───── Working data ─────

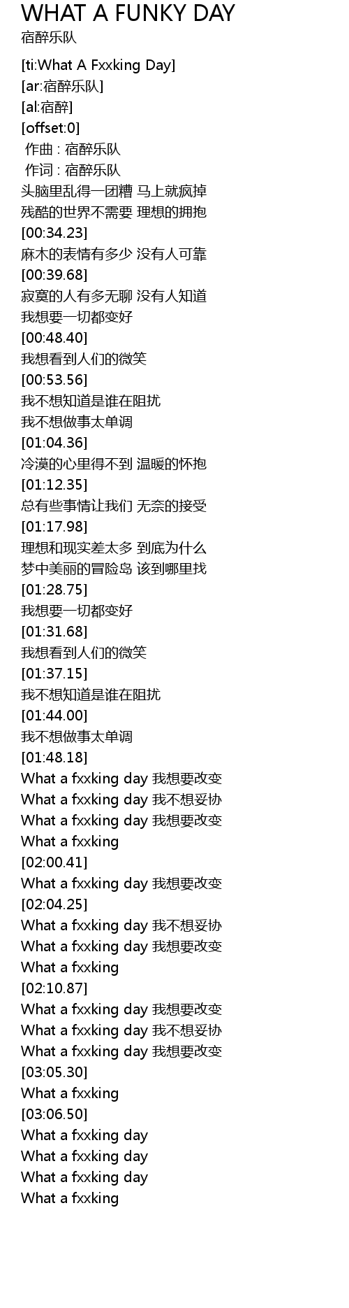 | [03:02.58] | What a fxxking day 我想要改变 |
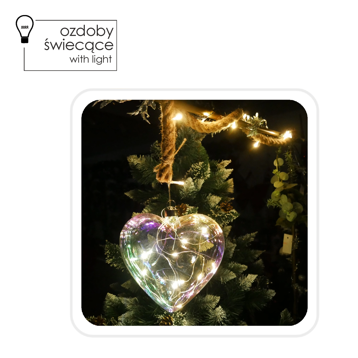 Ta elegantna steklena dekoracija v obliki srca takoj ustvari prijetno vzdušje v vsakem interierju. Prozorno steklo z holografskim učinkom lepo odbija svetlobo, v kombinaciji z 10 LED diodami v toplo beli barvi pa prostor napolni z nežnim, domačnim sijem.
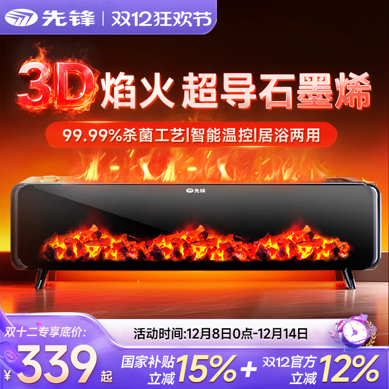 先锋壁炉取暖器仿真碳火焰石墨烯电暖器风机家用客厅大面积电暖气
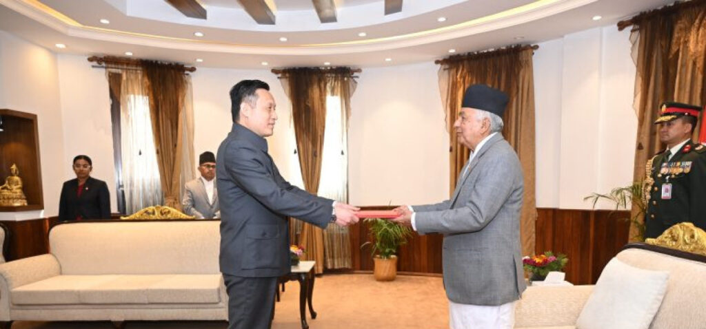 काठमाण्डौं । राष्ट्रपति रामचन्द्र पौडेलसमक्ष नेपालका लागि विभिन्न पाँच मुलुकका राजदूतले आज राष्ट्रपति भवनमा आयोजित विशेष समारोहमा आ(आफ्नो ओहोदाको प्रमाणपत्र प्रस्तुत गरेका छन्।
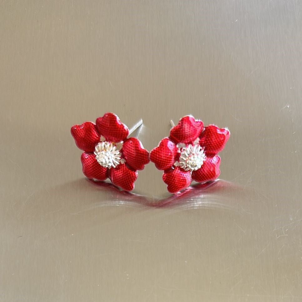 Pure Silver Enamel Red Flowers |Pack of 2
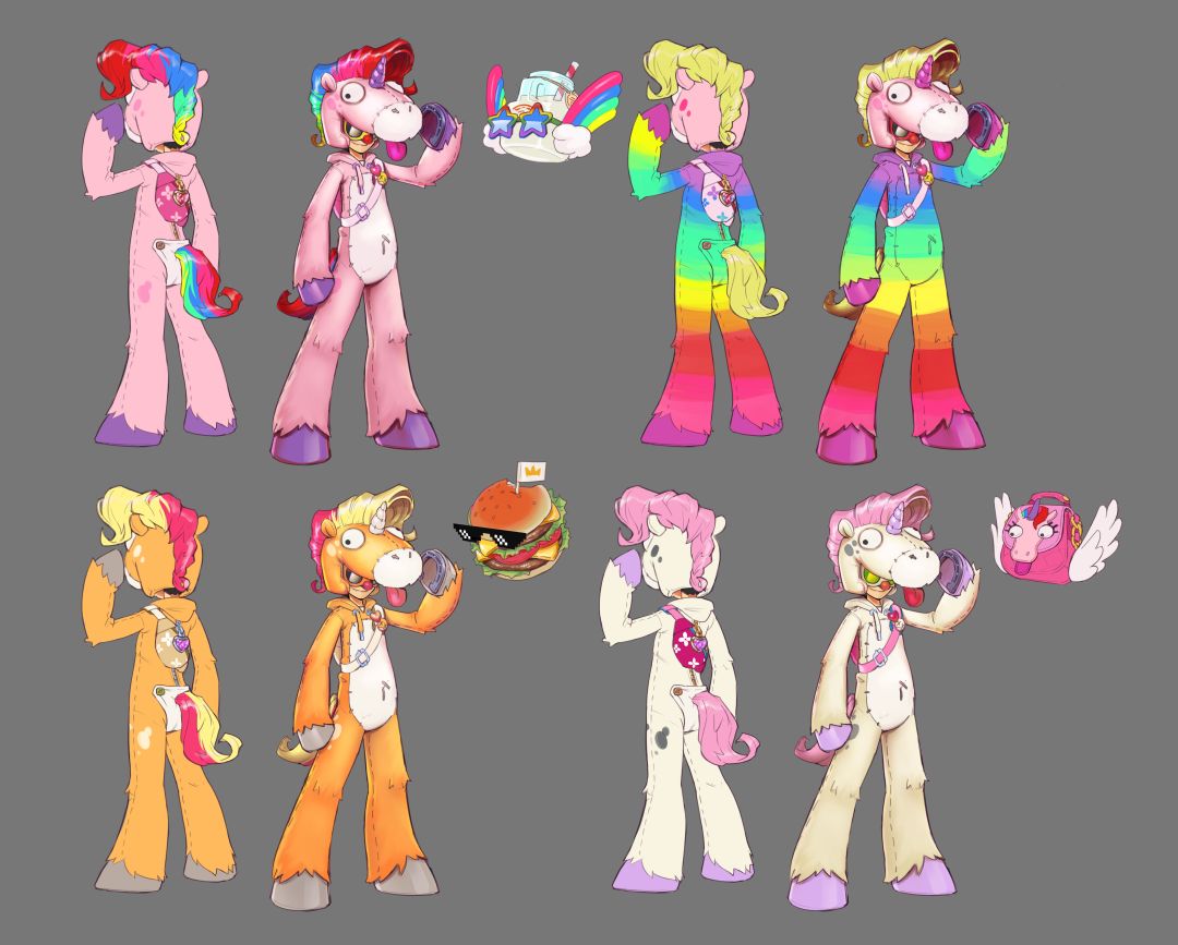 第二套皮肤是Sivi的愚人节装扮!这套皮肤同时也是最高级别的皮肤,不仅角色外形被完整替换,还会有不同的特效展示哦。下面为设计初期的方向稿(能不能做完是未知数:P),最终我们选择了哪套,还请等服装店开业之后,亲自进店看看吧!
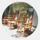 Pegatina Redonda Tres sillas rocosas de madera en un porche soleado
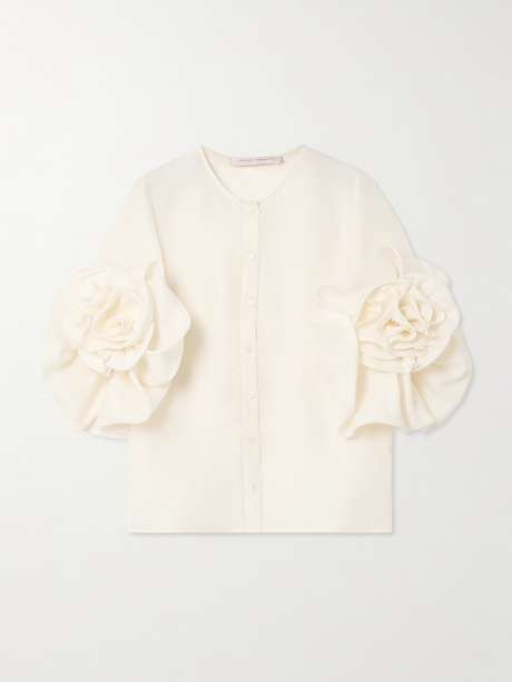 Carolina Herrera's blouse is defined by its voluminous gathered sleeves. It's cut from smooth structured silk and has tonal buttons through the front. Tuck yours into tailored pants.
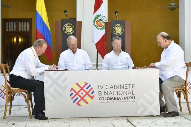 Los ministros de Defensa del Perú, Teniente General FAP (r) Jorge Kisic Wagner, y de Colombia, Luis Carlos Villegas Echeverri, suscribieron un Memorando de Entendimiento sobre Cooperación en Defensa y Seguridad entre ambos países. La firma de este documento tuvo lugar durante el Encuentro Presidencial y IV Gabinete Binacional Perú–Colombia, celebrado en la ciudad de Cartagena, y presidido por los Presidentes Pedro Pablo Kuczynski y Juan Manuel Santos. La cooperación comprenderá, entre otros, la planificación y ejecución de operaciones militares coordinadas en la región de fronteras, acciones humanitarias y cívico-sociales para atender a las poblaciones fronterizas, operaciones de control del espacio aéreo, combate al tráfico de armas y de drogas, y la minería ilegal, así como intercambio de información en ciberdefensa, educación militar, investigación académica e innovación tecnológica.

─────

Task to carry out:
Print exactly, with no pictures, the lines above from the one that holds "Pegatina Redonda Tres" through the one that holds "Carolina Herrera's blouse", both of them included.

Reply:
 Pegatina Redonda Tres sillas rocosas de madera en un porche soleado
 Carolina Herrera's blouse is defined by its voluminous gathered sleeves. It's cut from smooth structured silk and has tonal buttons through the front. Tuck yours into tailored pants.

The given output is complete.